* _Required work_
The word "children" marks the lines you need; copy each of them from the data.

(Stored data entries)
[Start of Attachment]
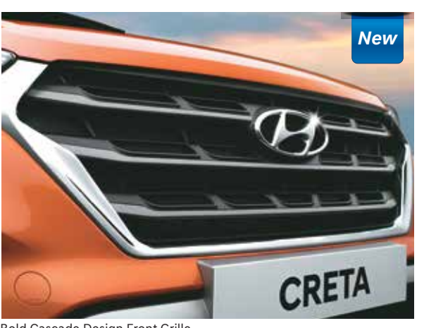
Bold Cascade Design Front Grille

Designed to turn heads as effortlessly as it turns corners, the CRETA is crafted beyond perfection. Based on Hyundai's evolved Fluidic Sculpture 2.0 design concept, it always arrives in style and leaves a strong impression.
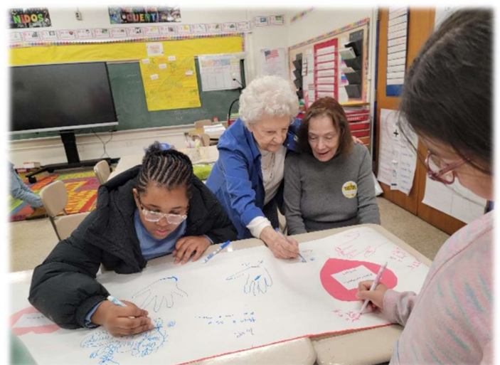
Right: Students and mentors making Valentine cards for Wilson Health Care residents and Gaithersburg Elementary teachers.

As we reflect on our journey, we are reminded of the profound impact small acts of kindness can have. From our hearts to yours , we hope to continue spreading love and positivity wherever we go. After all, it's simple gestures that have the power to touch lives and create lasting connections.
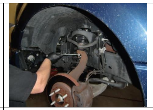
Loosen upper ball joint nut, but do not remove.
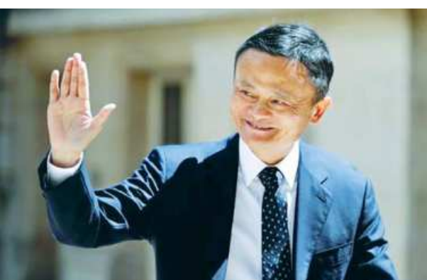
Chairman of Alibaba Group Jack Ma

The Shanghai Securities News said that while some of the entrepreneurs it praised had once behaved like "reckless heroes" in their efforts to break away from an old, rigid economic system, they now led "a group of companies that respected the rules of development and abided by market rules."
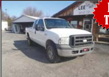
2005 Ford F-250 SD
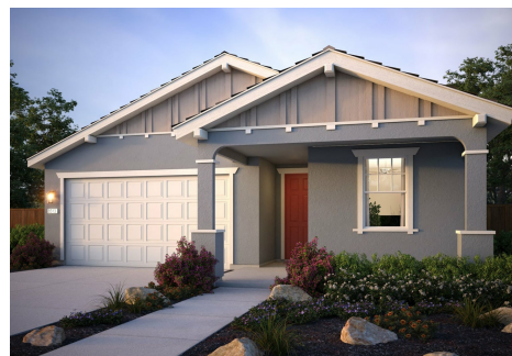
Residence 2 | Craftsman Bungalow

All renderings are artist's conception. Actual porch and window configuration varies from artists renderings. DeNova Homes reserves the right to make changes in price, material, and specifications without notice and without liability for such changes. Broker cooperation welcome. Sales & marketing by DeNova Homes Sales, DRE #01247582 Equal Housing Opportunity.
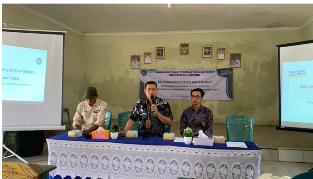
Figure 2. The implementation of community service

After formulating the training stages to provide solutions to the issues and challenges faced by village officials, the community service team conducted awareness and training sessions on the use of statistical applications for village officials and village cooperative members in Purworejo Village, Negeri Katon Subdistrict, Pesawaran Regency, specifically on using SPSS for statistics. The activities are depicted in the Figure 2.
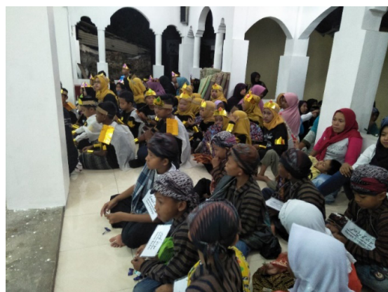
Picture 4. The activity of Qur'an reading to memorate the MaulidNabi Muhammad SAW by children, adolescent and the old in Balong District (D/Sa)

"When the goodness has been taught to children, they will automatically think and act properly."
[End of Attachment]
* _Solved exercise_
Picture 4. The activity of Qur'an reading to memorate the MaulidNabi Muhammad SAW by children, adolescent and the old in Balong District (D/Sa)
"When the goodness has been taught to children, they will automatically think and act properly."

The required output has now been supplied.